Thread: Full text search bug ('russian' regconfig)

Full text search bug ('russian' regconfig)


Text search doesn't work correct with the EQUAL string in text and query (russian dictionary config),
as you can see in example ts_vector receives different from ts_query lexemes for identical text:

tsv = 'дан':1 'магазин':2 'нужн':3 'посеща':4 'точн':5
tsq = 'нужн' & 'точн' & 'дан' & 'посещаем' & 'магазин'

        (web_query_and @@ ts_title)::INTEGER AS full_title_entries, -- 0 / supposed 1
        (web_query_and @@ 'зачем нужны точные данные о посещаемости магазинов?')::INTEGER AS full_title_entries2,
                to_tsvector('russian', STRIP(to_tsvector('russian', 'зачем нужны точные данные о посещаемости
магазинов?'))::TEXT) AS ts_title, 
                websearch_to_tsquery('russian', REPLACE('зачем нужны точные данные о посещаемости магазинов?', '- ' ,
''))AS web_query_and 

        ) AS main

Best regards,

Re: Full text search bug ('russian' regconfig)

Artur Zakirov

On 2/19/2020 5:35 PM, egocenter wrote:
> Text search doesn't work correct with the EQUAL string in text and query (russian dictionary config),
> as you can see in example ts_vector receives different from ts_query lexemes for identical text:
> tsv = 'дан':1 'магазин':2 'нужн':3 'посеща':4 'точн':5
> tsq = 'нужн' & 'точн' & 'дан' & 'посещаем' & 'магазин'

It is because you call to_tsvector() two times. 'russian' is a Snowball 
dictionary and it uses stemming algorithms to cut words ending. Your 
query works if to_tsvector() isn't called twice on the same text:

   web_query_and @@ ts_title,
   web_query_and @@ 'зачем нужны точные данные о посещаемости магазинов',
     to_tsvector('russian', 'зачем нужны точные данные о посещаемости 
магазинов') AS ts_title,
     websearch_to_tsquery('russian', 'зачем нужны точные данные о 
посещаемости магазинов?') AS web_query_and
   ) AS main;

It gives 'true' for the first column.


Re: Full text search bug ('russian' regconfig)

Hello, Artur!

Thanks for the answer,
ok, it's strange that only 1 word is affected that way (as if two lexemes exist for 1 word)...

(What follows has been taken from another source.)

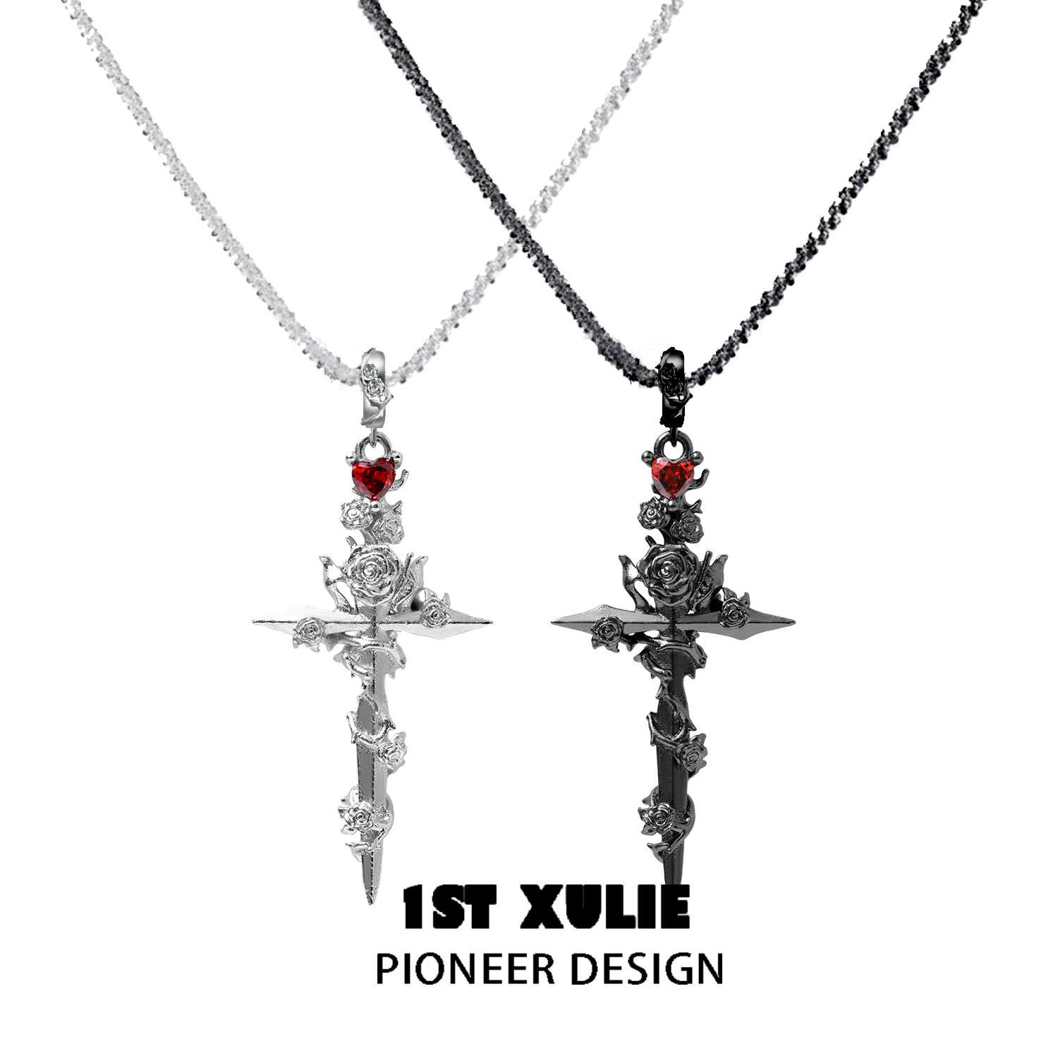 1STXULIE玫瑰信徒十字架抽拉项链原创小众设计高级感锁骨链毛衣链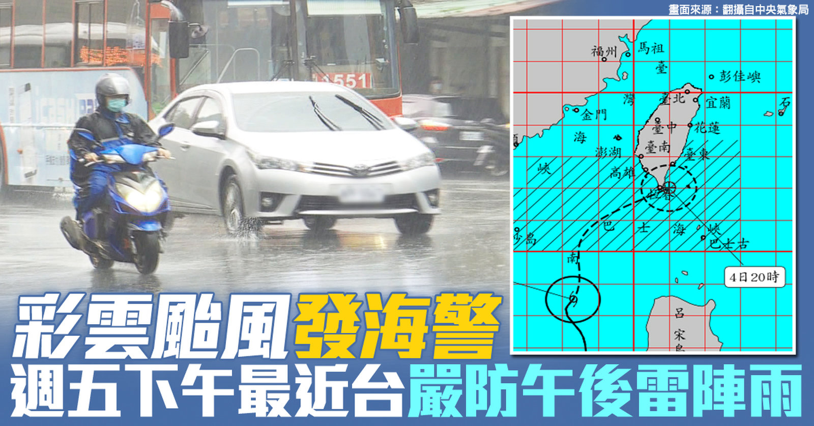 彩雲颱風發海警 週五下午最近台嚴防午後雷陣雨

*I use double to_tsvector to eliminate words duplicates.
in the example below ts_title = 'histori':2 'watcom':1,3
and it gives 2 entries in 'город - watcom' via ts_rank_cd

I need to count UNIQUE words entries but it seems to be no luck with std functionality
(I see 2 ways: custom ts_rank function OR to_tsvector / edit tsvector and leave only first position for 'watcom':
ts_title = 'histori':2 'watcom':1).

If you have any idea on that situation, I would highly appreciate it! Thanks in advance)

        round((ts_rank_cd(ts_title, web_query_or)/0.1)::NUMERIC, 0) AS title_entries_count, -- 2, but should be 1
     to_tsvector('russian', 'watcom history | watcom') AS ts_title,
     websearch_to_tsquery('russian', REPLACE('город - watcom', '- ' , '')) AS web_query_and, -- тире заменено для
отменыего конвертации в отрицание ! 
     REPLACE(websearch_to_tsquery(:reg_config, REPLACE('город - watcom', '- ' , ''))::TEXT, '&', '|')::tsquery AS

   ) AS main;


   > Hello

> On 2/19/2020 5:35 PM, egocenter wrote:
>> Text search doesn't work correct with the EQUAL string in text and query (russian dictionary config),
>> as you can see in example ts_vector receives different from ts_query lexemes for identical text:
>> tsv = 'дан':1 'магазин':2 'нужн':3 'посеща':4 'точн':5
>> tsq = 'нужн' & 'точн' & 'дан' & 'посещаем' & 'магазин'

> It is because you call to_tsvector() two times. 'russian' is a Snowball
> dictionary and it uses stemming algorithms to cut words ending. Your
> query works if to_tsvector() isn't called twice on the same text:

>    web_query_and @@ ts_title,
>    web_query_and @@ 'зачем нужны точные данные о посещаемости магазинов',
>    *
>    (SELECT
>      to_tsvector('russian', 'зачем нужны точные данные о посещаемости
> магазинов') AS ts_title,
>      websearch_to_tsquery('russian', 'зачем нужны точные данные о
> посещаемости магазинов?') AS web_query_and
>    ) AS main;

> It gives 'true' for the first column.